Deep Learning Based Noise Reduction and Speech Enhancement System

Introduction

People with hearing loss depend heavily on hearing aid to hear properly. However, traditional hearing aid also amplify disturbing environmental noise. This project implements two deep learning models, one can classify the type of noise, the other can retain human voice and reduce environmental noise. This proposal has the advantage of adapting to environmental noise compared to the traditional hearing aid.

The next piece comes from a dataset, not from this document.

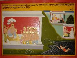 | Description / विवरण | Miniature painting based on Mahabharat - Bhishma parva depicting Sanjay is telling Dhritrashtra that Duryodhan is discussing with Bhishma and other warriors about Karna s inclusion in war and Bhishma is teling him not to hear Karna s advice. |
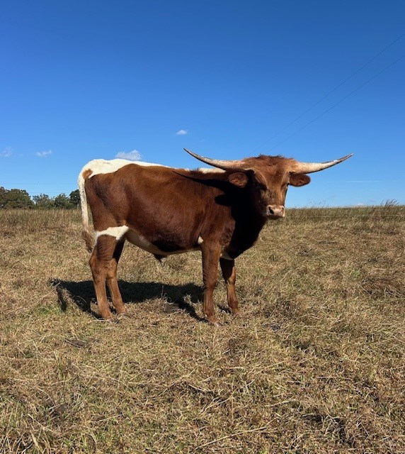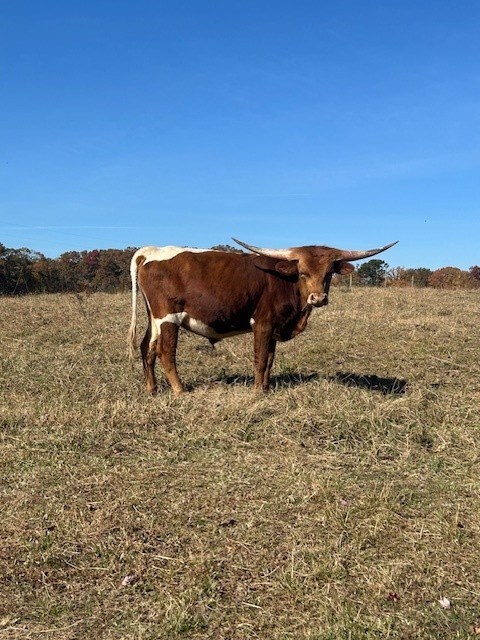 Beefy little bull that is starting to brindle. His sire is an exciting young bull KCCI Hangin On 2 U, an own son of MC Hangin Tuff, and is 94.5 inches TTT at 3.5 years old. His dam is a great all around tri-colored cow and a good milker. We like how this little bull is growing with his straight back and beefy hip. We are watching him closely as a junior herd sire prospect.

In this repo, we only provide codes of data preprocessing, model training and model validation that runs on PC.

Structure

Total works

Audio to Spectrogram Preprocessing & Inversion Algorithm (STFT & MFCC)
Dataset Generator: Human Voice & Environmental Noise Mixing
Noise Classifier (NC) Model
Noise Reduction Model (DDAE)
Preprocessing, NC and DDAE Integration on PC
Model conversion: Implement quantization and convert into tflite model
Deploy to embedded system & optimize the performance
Wording & Intro Video Editing

Datasets

The goal of this project is to recognize the noise in the input audio and clean them out with deep learning techniques. We mix clean voice and noises together as training input, and clean voice as output.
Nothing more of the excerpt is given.